The full listing, returned exactly and free of pictures, is the expected answer.
── Material provided
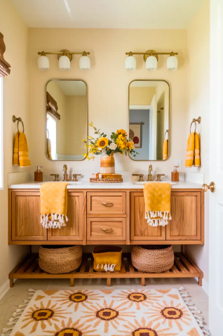 Yellow accents inject cheerfulness into boho bathrooms. Rugs, towels, or wall décor in warm golden shades complement earthy tones, giving the space a bright and inviting energy. Using yellow strategically can help transform your bathroom into a lively and welcoming space.
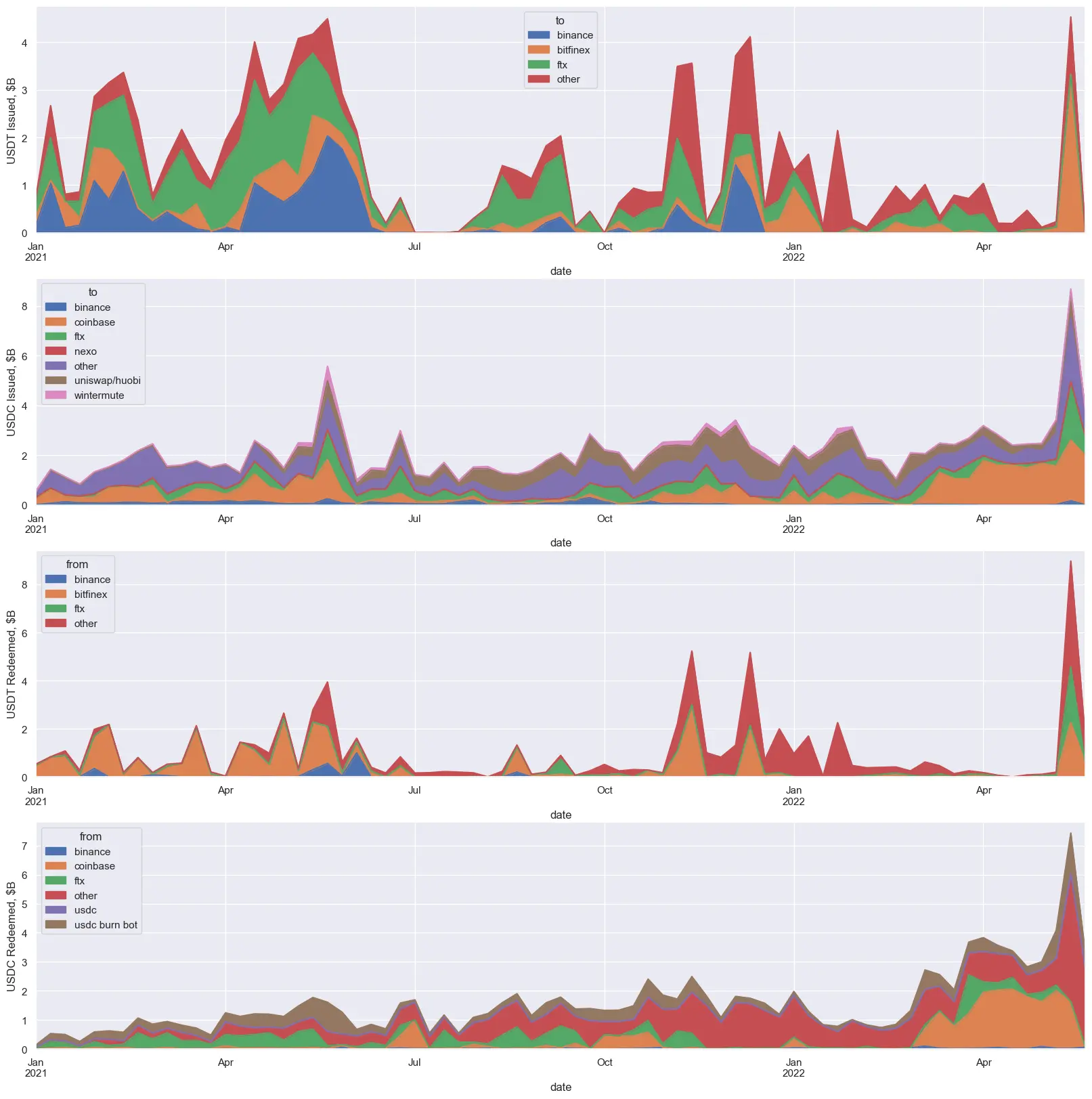 We know that USDC has the money. We also know that almost half of USDT was minted by two algorithmic trading firms, Alameda Research and Cumberland Global. Alameda specifically also minted a lot of USDC, as we can see here:
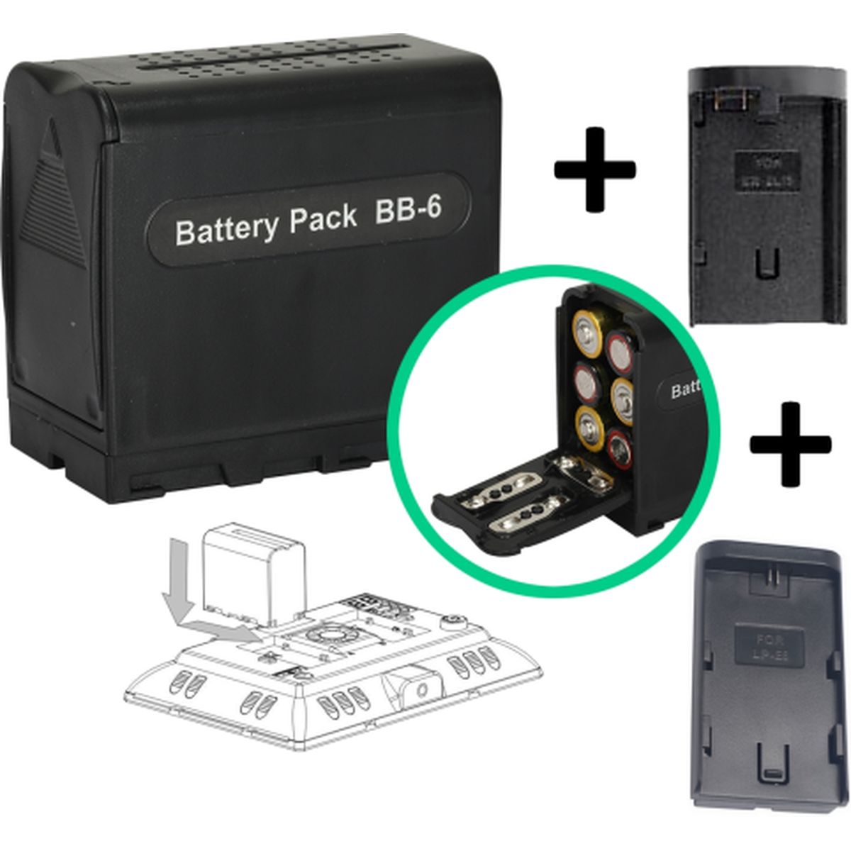 De McoPlus Adapter set bestaat uit een 6x AA Penlite batterijhouder en accuplaatjes voor de Canon LP-E6 en de Nikon EN-EL15 accu’s. Deze voeding kan worden gebruikt in combinatie met de McoPlus LED lampen en biedt lange stroomvoorziening.
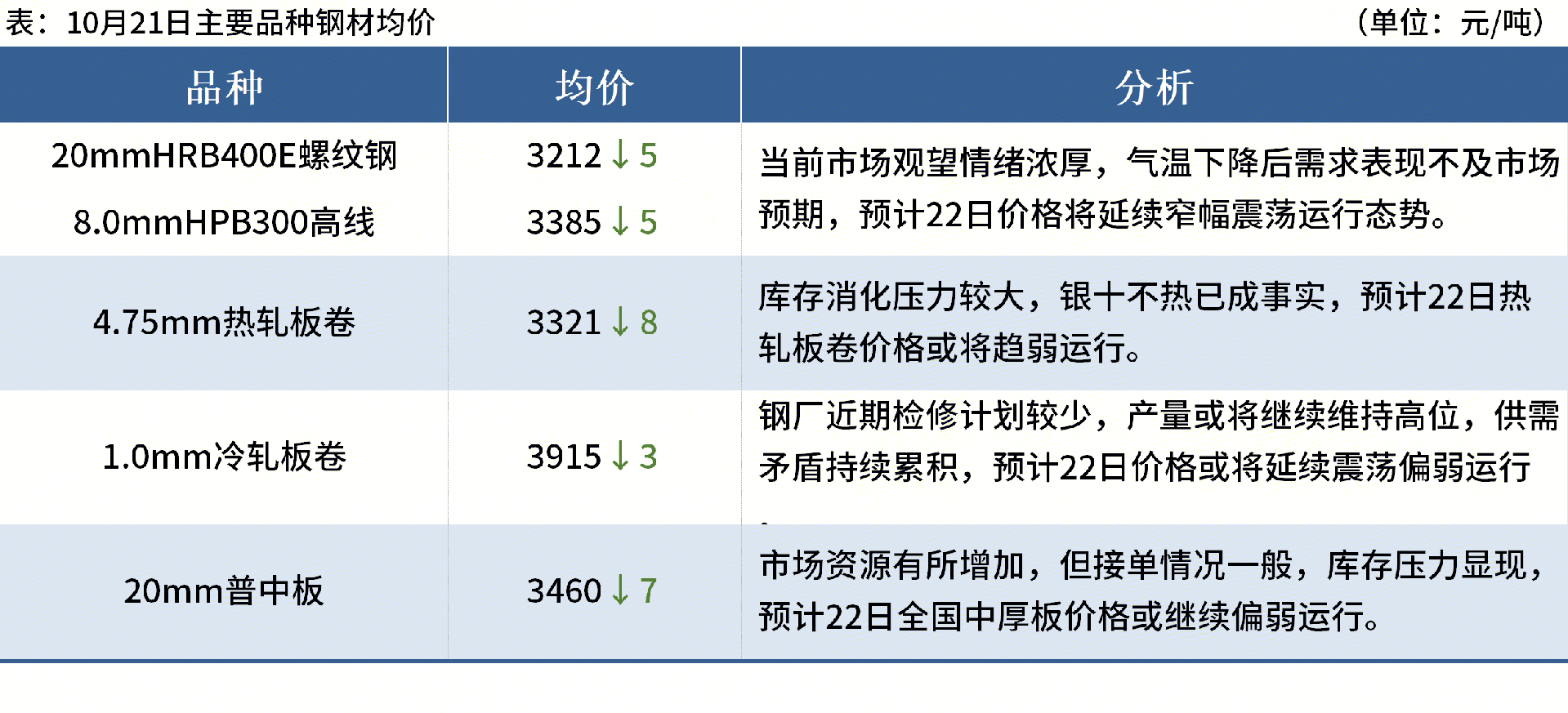 ◎10月21日,江蘇永鋼出臺10月下旬出廠價,螺紋鋼下調(diào)50元/噸、線材盤螺下調(diào)50元/噸,現(xiàn)螺紋鋼3400元/噸,線材盤螺3600元/噸。
────
* [Answer]:
 Yellow accents inject cheerfulness into boho bathrooms. Rugs, towels, or wall décor in warm golden shades complement earthy tones, giving the space a bright and inviting energy. Using yellow strategically can help transform your bathroom into a lively and welcoming space.
 We know that USDC has the money. We also know that almost half of USDT was minted by two algorithmic trading firms, Alameda Research and Cumberland Global. Alameda specifically also minted a lot of USDC, as we can see here:
 De McoPlus Adapter set bestaat uit een 6x AA Penlite batterijhouder en accuplaatjes voor de Canon LP-E6 en de Nikon EN-EL15 accu’s. Deze voeding kan worden gebruikt in combinatie met de McoPlus LED lampen en biedt lange stroomvoorziening.
 ◎10月21日,江蘇永鋼出臺10月下旬出廠價,螺紋鋼下調(diào)50元/噸、線材盤螺下調(diào)50元/噸,現(xiàn)螺紋鋼3400元/噸,線材盤螺3600元/噸。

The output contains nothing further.